The dispute between CIBC and the CRA had been going on for years, starting when the bank deducted Enron-related settlement amounts of approximately $3 billion (including interest and legal costs) from business income for its 2005 and 2006 tax years.
However, the CRA disallowed those deductions, claiming they had been offside under various parts of the Income Tax Act. CIBC appealed to the Tax Court of Canada in 2010, and after much legal wrangling, a trial was scheduled to begin this year.
On Thursday, though, CIBC announced first-quarter financial results and that a settlement agreement had been reached with the CRA in Jan. 2019. The bank said the deal “provides certainty with respect to the portion of the Enron expenses that are deductible in Canada.”
It is possible that adjustments may be required to the amount of the tax benefits recognized in the United States
CIBC also said the impact of the agreement resulted in it recognizing a net $38-million tax recovery in the first quarter.
“This recovery was determined after taking into account the portion of the Enron expenses that we expect to deduct in the United States, but which has not yet been agreed to by the Internal Revenue Service, and the taxable refund interest that we expect to collect from the CRA upon the reassessment of certain prior year tax returns in accordance with the Agreement,” CIBC said in its first-quarter financial disclosures. “It is possible that adjustments may be required to the amount of the tax benefits recognized in the United States.”
There are “still some loose ends to tie up,” but they would not likely be material to the bank, according to Kevin Glass, CIBC’s chief financial officer.
“And so from an overhang perspective … for sure, it’s behind us,” Glass said in response to an analyst question during a Thursday morning conference call.

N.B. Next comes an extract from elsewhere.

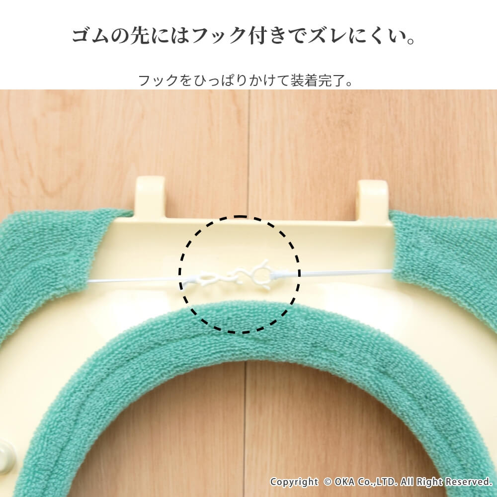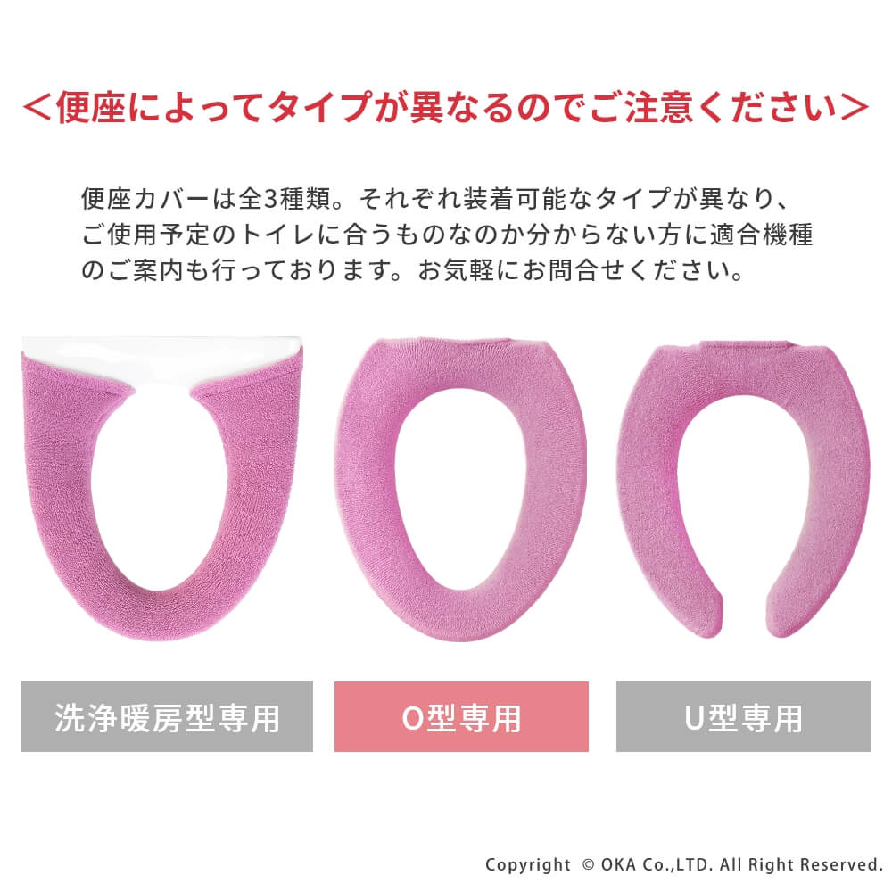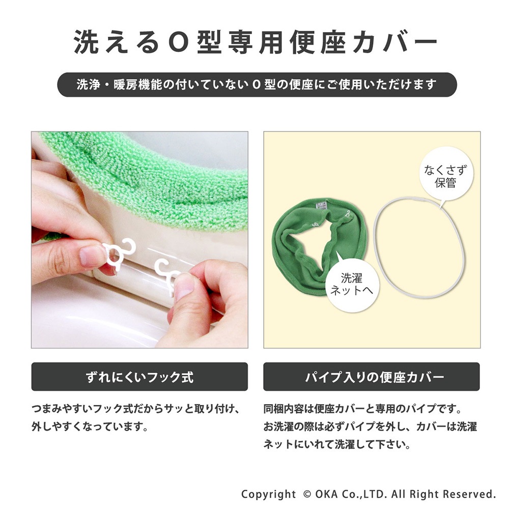 上品な雰囲気で高級感のあるトイレシリーズ「ロイヤルコレクション アーツ」でお揃いにでき、伸びの良い生地でふんわりやわらかい肌触りのO型専用便座カバー。フックが付いているのでズレにくく、洗濯ネットに入れて丸洗い可能なので、ご自宅の洗濯機でお手入れができるので衛生的です。フェミニン過ぎない美しい発色のピンク、グリーン、グレーの3色。※便座部分は、たて44cm、よこ37cm以内のものにご使用ください。

Last November, CIBC had said in financial filings that if it had been successful in defending its entire tax position, it would have realized an accounting tax benefit of $231 million and taxable refund interest of approximately $210 million. If it had entirely failed to defend its tax position, CIBC warned it could face additional expenses of around $977 million.
A spokesperson for the CRA said Thursday that the confidentiality provisions of the Income Tax Act prevent it from discussing details of the CIBC case.
The settlements stemmed from lawsuits launched against CIBC and other financial institutions following Enron’s filing for bankruptcy protection in 2001. The lenders had been accused of helping to conceal the condition of Enron’s deteriorating finances.
Without admitting wrongdoing, CIBC agreed in 2005 to pay US$2.4 billion to settle a class-action lawsuit brought on behalf of Enron shareholders. The bank also struck a US$250-million settlement with Enron.